Paylaş
Yaşlanmayı “değiştirilemez bir biyolojik kader” gibi düşünüp de onu kendi haline bırakırsanız başlıktaki soruyu rahatlıkla “evet” diye yanıtlayabilirsiniz.
Çünkü kendi haline bırakılıp kaderine terk edilmiş her yaşlılık az veya çok kayıplar, azalmalar ve yıpranmalarla birliktedir.
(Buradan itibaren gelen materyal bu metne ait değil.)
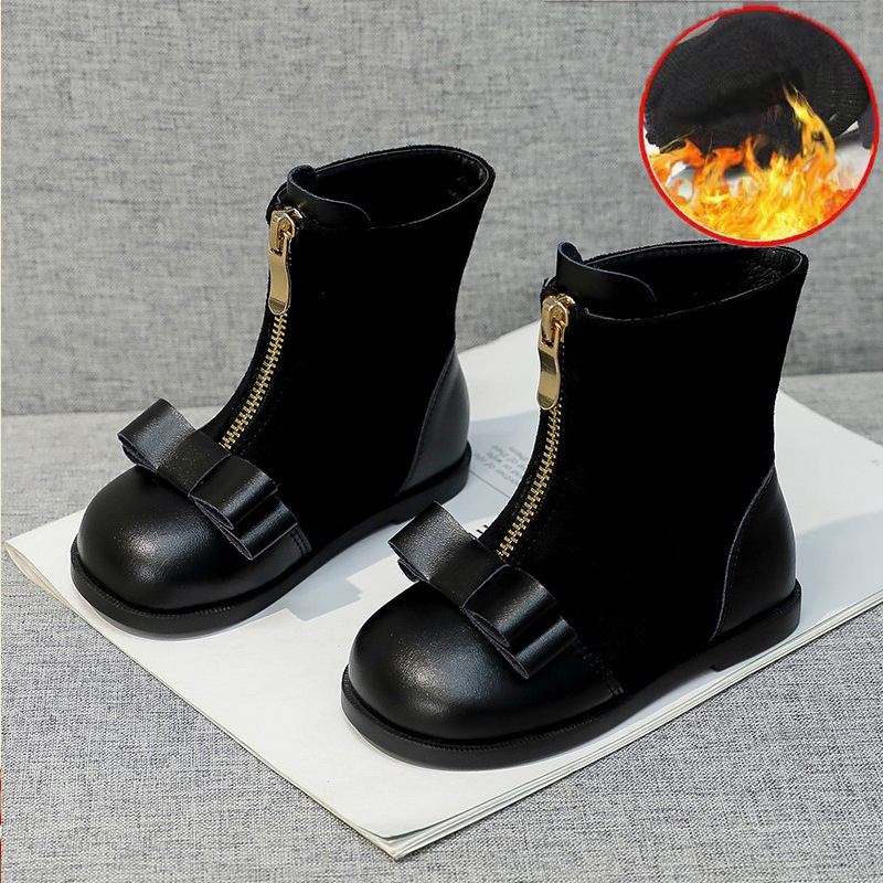 男童马丁靴2025冬季新款儿童加绒短靴女童雪地棉靴保暖黑色皮靴潮
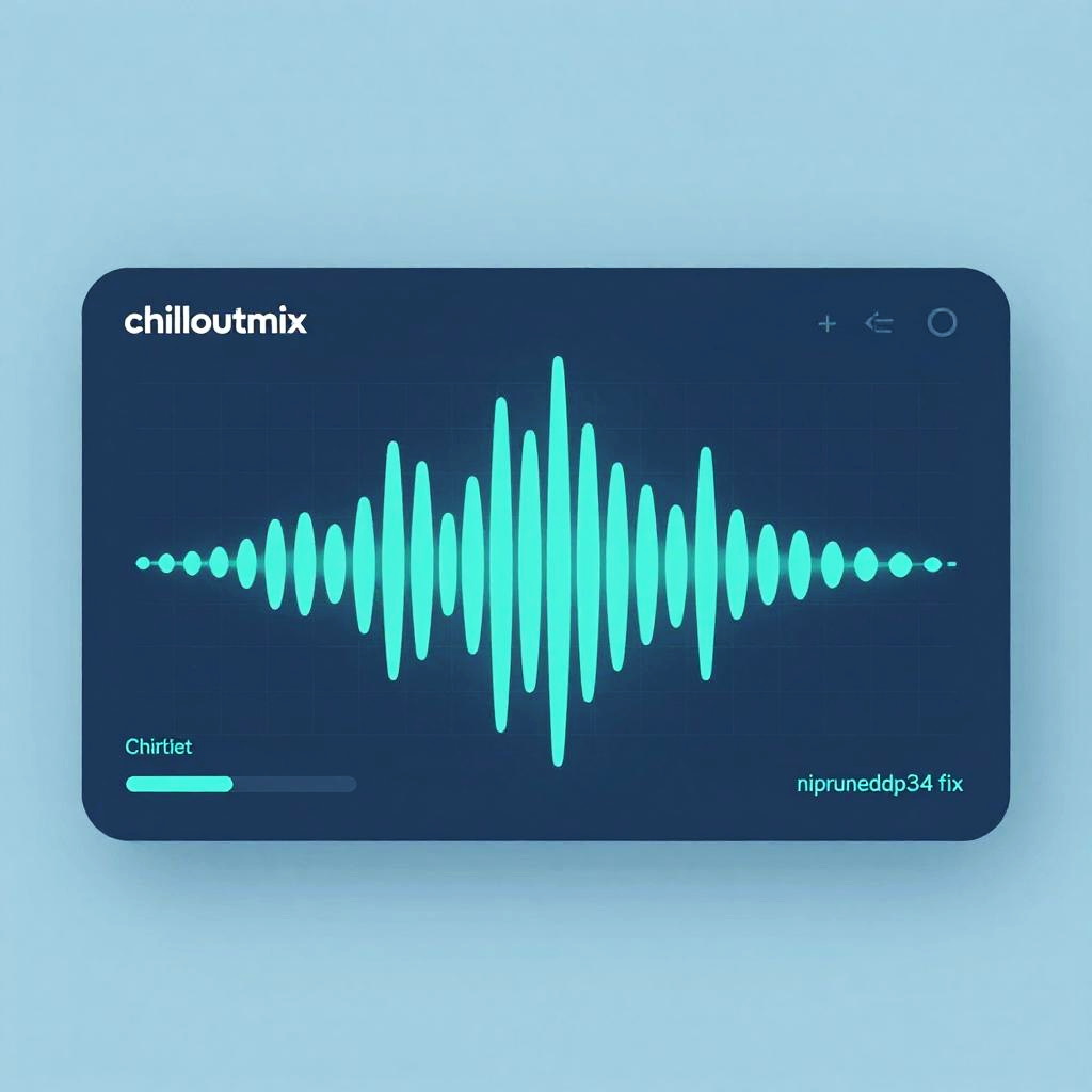 Abstract digital interface featuring a chilloutmix soundwave visualization in blue and teal hues. The design is minimalist and futuristic with clean lines, modern aesthetic, and a sleek vector art style, conveying technology balanced with relaxation.
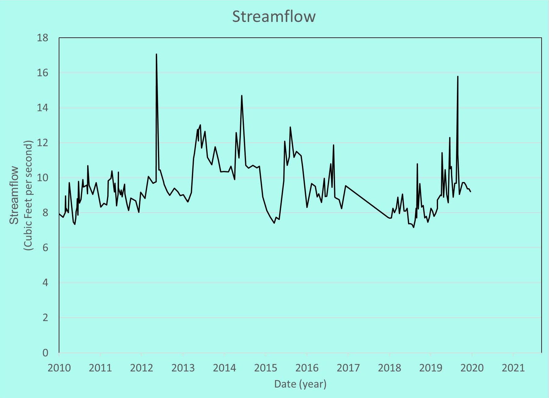 The streamflow of Eagle Creek, when samples were collected, is shown below. The range in streamflow is not significant because the creek is mainly fed by a steady discharge of groundwater with little surface drainage contributing to runoff that would add to the variability, or “flashiness,” of the creek. There are no aquatic life criteria for streamflow, but sustained streamflow ensures other habitat characteristics such as flow velocity and water depth are optimal for trout.
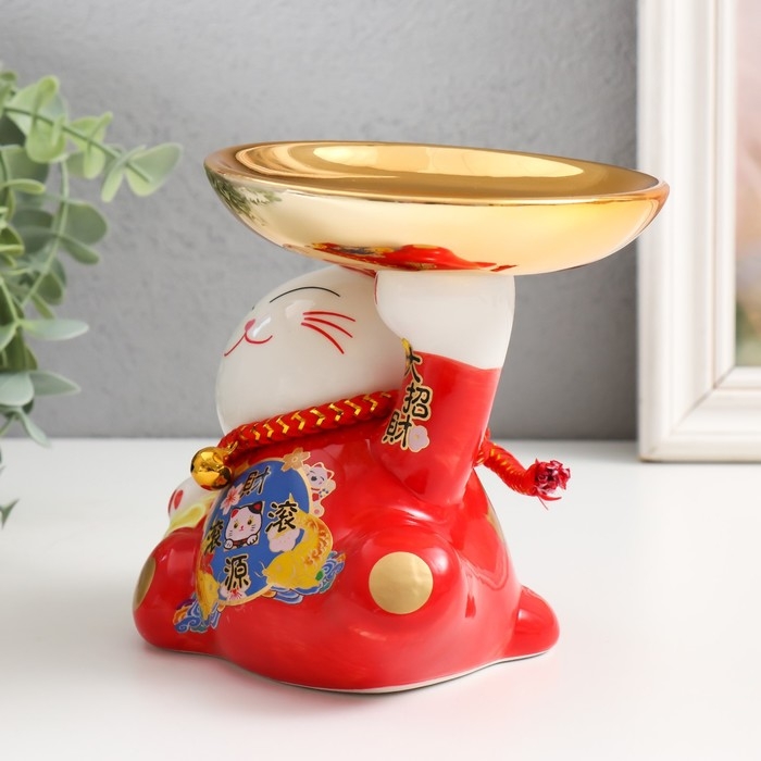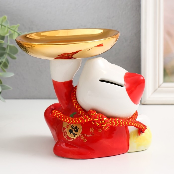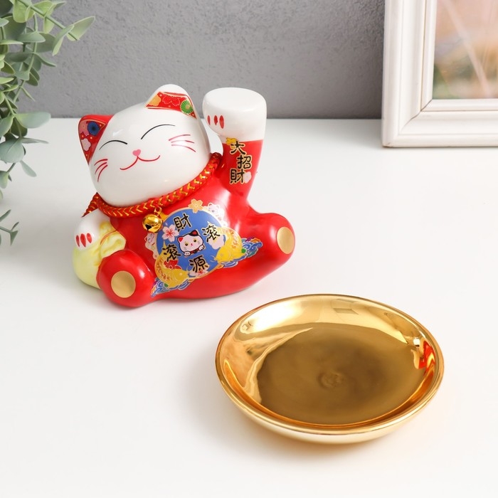 Копилка керамика "Кот Манэки-нэко для привлечения богатства с тарелкой" 11,5х15,5х13 см
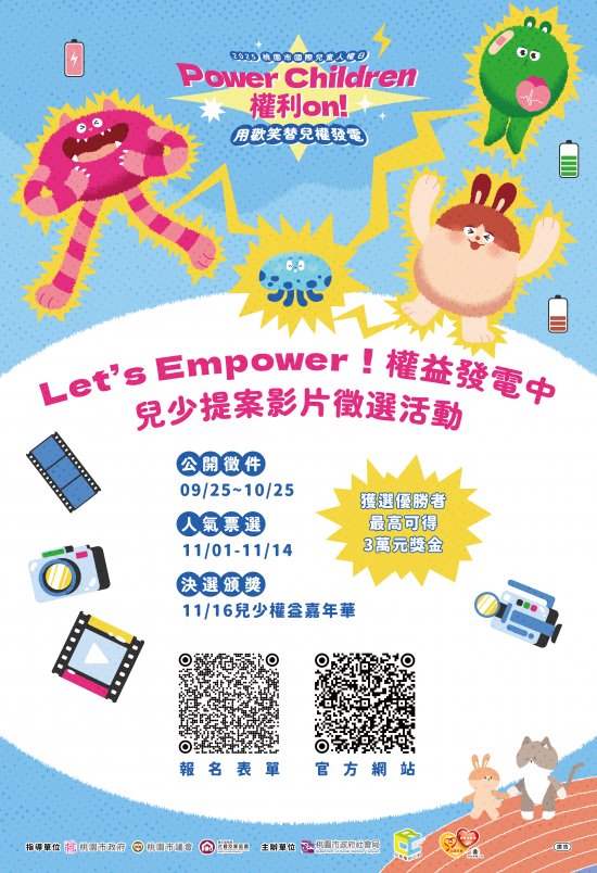 二、為落實兒少表意及參與公共政策的權利,邀請設籍或實際居住桃園市或就讀桃園市學校11歲(含)以上至18歲以下兒少,針對兒童權利公約政策、法規運行或各類行政事務運作等事項,以拍攝影片的形式,提出檢討及策進,並邀請大眾關注此項議題。
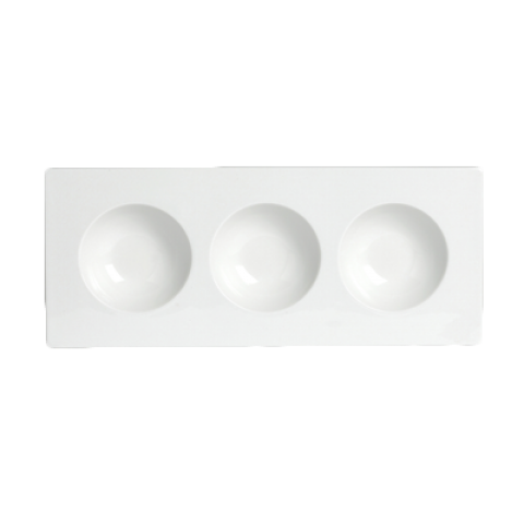 Three Well Sorbet Dish, 2.0 oz, 12.125" x 5.0" x 1.13", Accessories, Folio, Rectangle, porcelain (minimum = case quantity) (STOCK item)
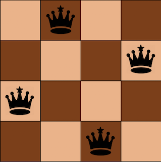 The n-queens puzzle is the problem of placing n queens on an n×n chessboard such that no two queens attack each other.
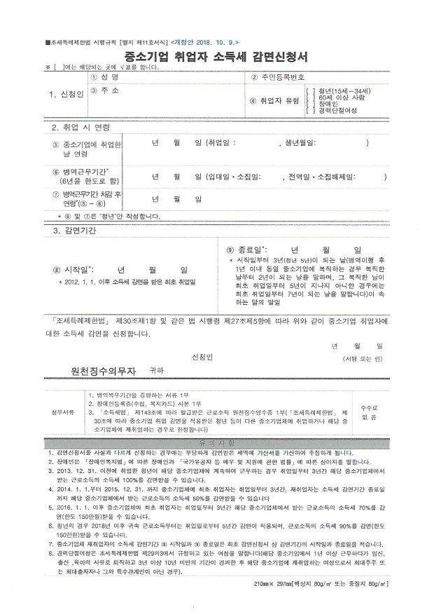 중소기업 취업자 소득세 감면신청서 작성 질문입니다.

Yaşlılığa bağlı kayıplar sadece bedensel de değildir. Kayıplardan ruhsal örgütlenmemiz de az çok etkilenir. Evet, biz yaşlandıkça kaslarımız yavaş yavaş bizi terk etmeye başlar.
Yaşlılığa bağlı kas kaybı mühim bir problemdir ve çoğu yaşlının süregiden yorgunluklarının arka planında bu kas kaybı problemi yatar. Yaşlandıkça kemiklerimiz de boşalıp koflaşır. Boyumuzdaki yaşlanmaya bağlı kısalmaların ve hafiften kamburlaşmaların da arkasında bu kayıplar vardır. Yaşlılığa bağlı kayıplarımız sadece bunlarla da sınırlı kalmaz. Biz yaşlandıkça beyin ve bellek gücümüz de o kayıplardan nasibini alır.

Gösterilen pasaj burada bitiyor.